The creative team, in turn, has been expanding the role of Pierre, who during the time frame of the musical, is a wealthy and unhappy Muscovite in his mid-30s, characterized, according to the play’s director, Rachel Chavkin, by “degeneracy, rottedness and decrepitude.”

The show’s creator, Dave Malloy — who came up with the idea for the musical when reading “War and Peace” while as a pianist on a cruise ship — originated the role of Pierre, and has long thought the character was underdeveloped. Mr. Malloy, who wrote the book, music and lyrics for the show, has already given Pierre a new aria (“Dust and Ashes”), and he has been listening to Mr. Groban’s albums while contemplating other changes to take full advantage of what he calls Mr. Groban’s “beautiful, angelic instrument.” (The show is evolving in other ways, as well: At the start of a duel, there is now a cheeky musical quotation from the score of “Hamilton.”)

“The Great Comet” has been in production since 2012, when it wasstaged at Ars Nova, an Off Broadway theater. In 2013 and 2014, the show was presented in large tents, first in New York’s meatpacking district, and then in Midtown.
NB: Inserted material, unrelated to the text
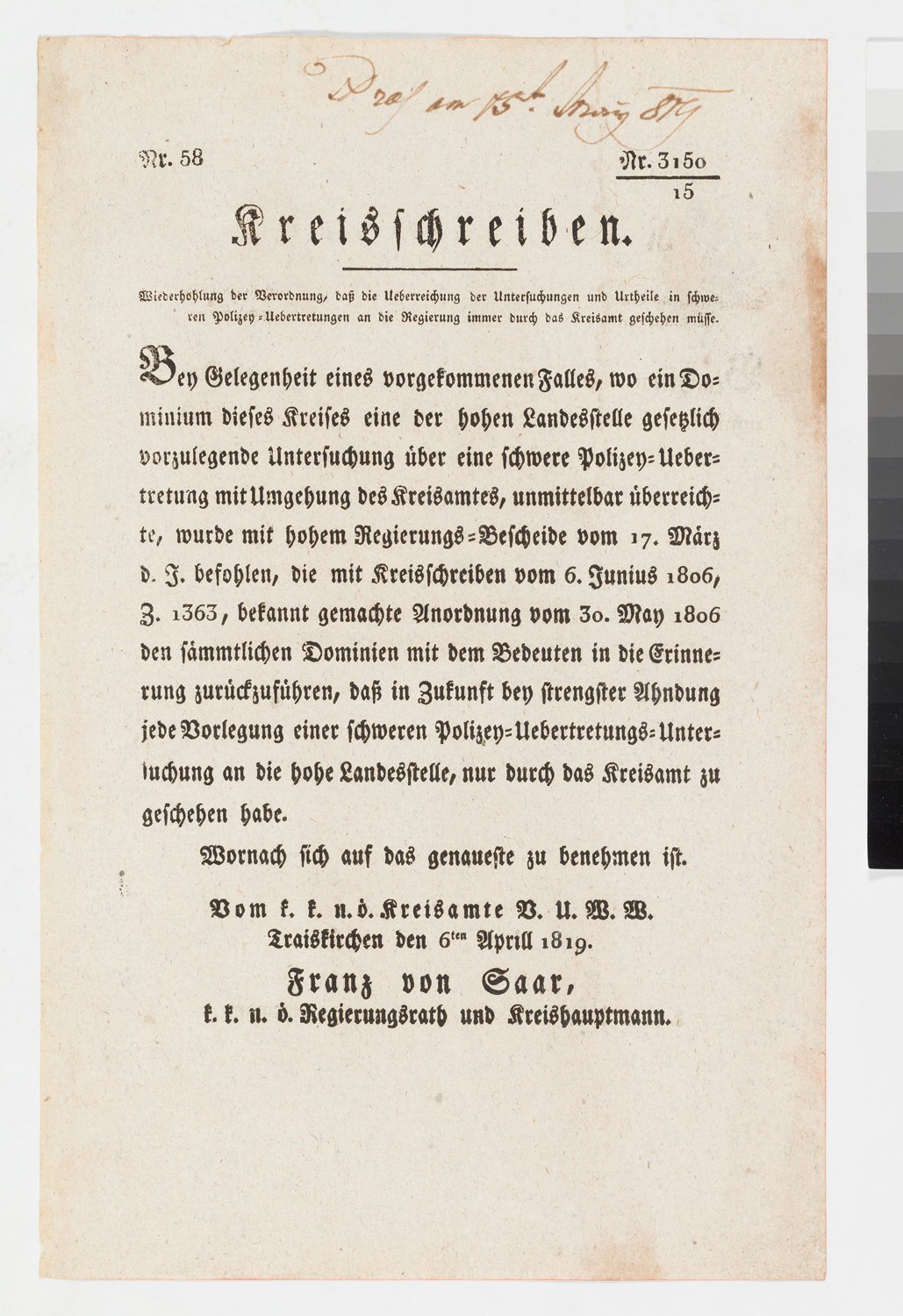 "Kreisschreiben. Wiederholung der Verordnung, daß die Ueberreichung der Untersuchungen und Urtheile in schweren Polizey-Uebertretungen an die Regierung immer duch das Kreisamt geschehen müsse. [...] Vom k.k. n.ö. Kreisamte V.U.W.W. Traiskirchen den 6ten April 1819. Franz von Saar, k.k. n.ö. Regierungsrath und Kreishauptmann."

The staging here in Cambridge, which is in previews and opens on Wednesday, is the first time the show has been presented in a proscenium-style theater. The show’s MacArthur-grant-winning designer, Mimi Lien, seeking to replicate the intimate experience the show had in less conventional settings, has covered the walls with red velour drapery as well as 400 paintings of wars, landscapes, religious icons and historical figures; she has built seating around the stage, and small stages amid the seats, so that the action can take place around and among the audience.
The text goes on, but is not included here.